### Data excerpt

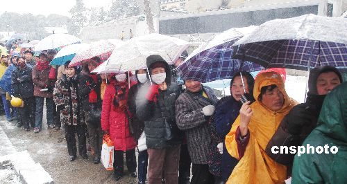 圖:近千市民冒雪排隊領取臘八粥
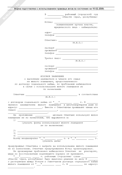 - 199Исковое заявление о выселении нанимателя и членов его семьи из жилого помещения, предоставленного по договорам социального найма, в связи с использованием жилого помещения не по назначению по требованию наймодателя
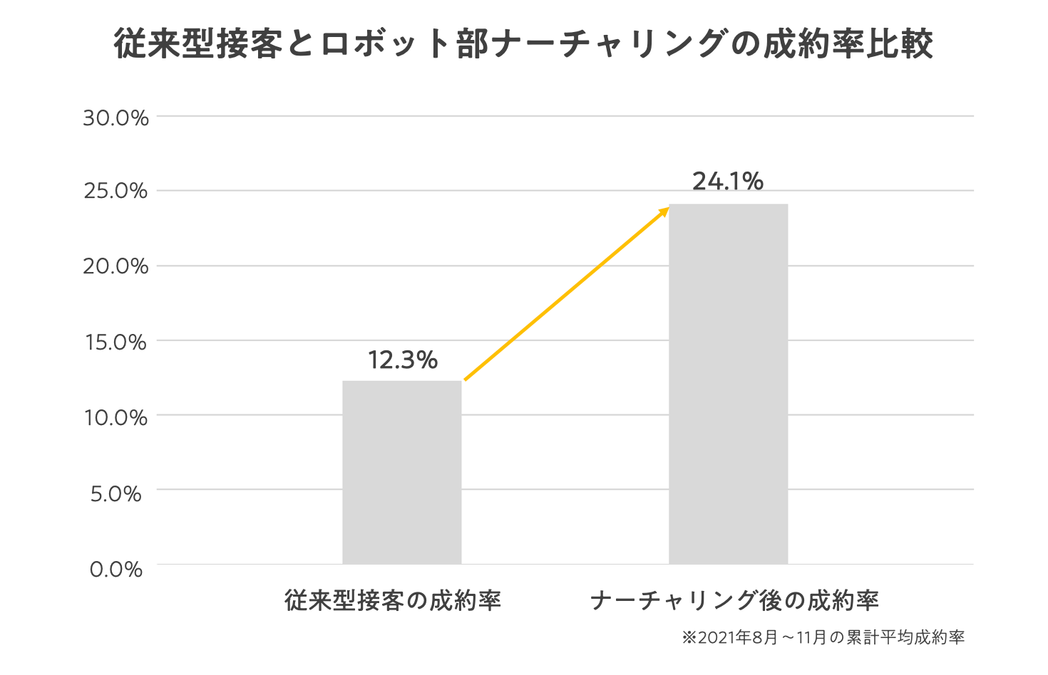 メリットは効率化だけではありません。少数精鋭のロボット部の担当者がリモートで全てのIKI展示場のお客様にご説明やご案内を行ってお客様の購買意欲を高め(ナーチャリング)、その後の店舗担当者と役割を分業することで、店舗担当者は新規受注活動と契約後の業務に集中することができます。この体制が進展し初めた2021年8月〜11月の4ヶ月間において、ロボット部によるナーチャリング後のお客様の成約率が、同期間中の、初回来場時に営業担当者が展示場で対面で接客を行う従来型の接客の成約率との比較で約2倍となっていることからも、リモート接客によるナーチャリングの効果の高さを裏付けています。

######

Directions >> Without any pictures, reproduce the lines from the first one in the material through the line that has "- 199Исковое заявление", exactly as they appear.

Result for this exercise >>
 圖:近千市民冒雪排隊領取臘八粥
 - 199Исковое заявление о выселении нанимателя и членов его семьи из жилого помещения, предоставленного по договорам социального найма, в связи с использованием жилого помещения не по назначению по требованию наймодателя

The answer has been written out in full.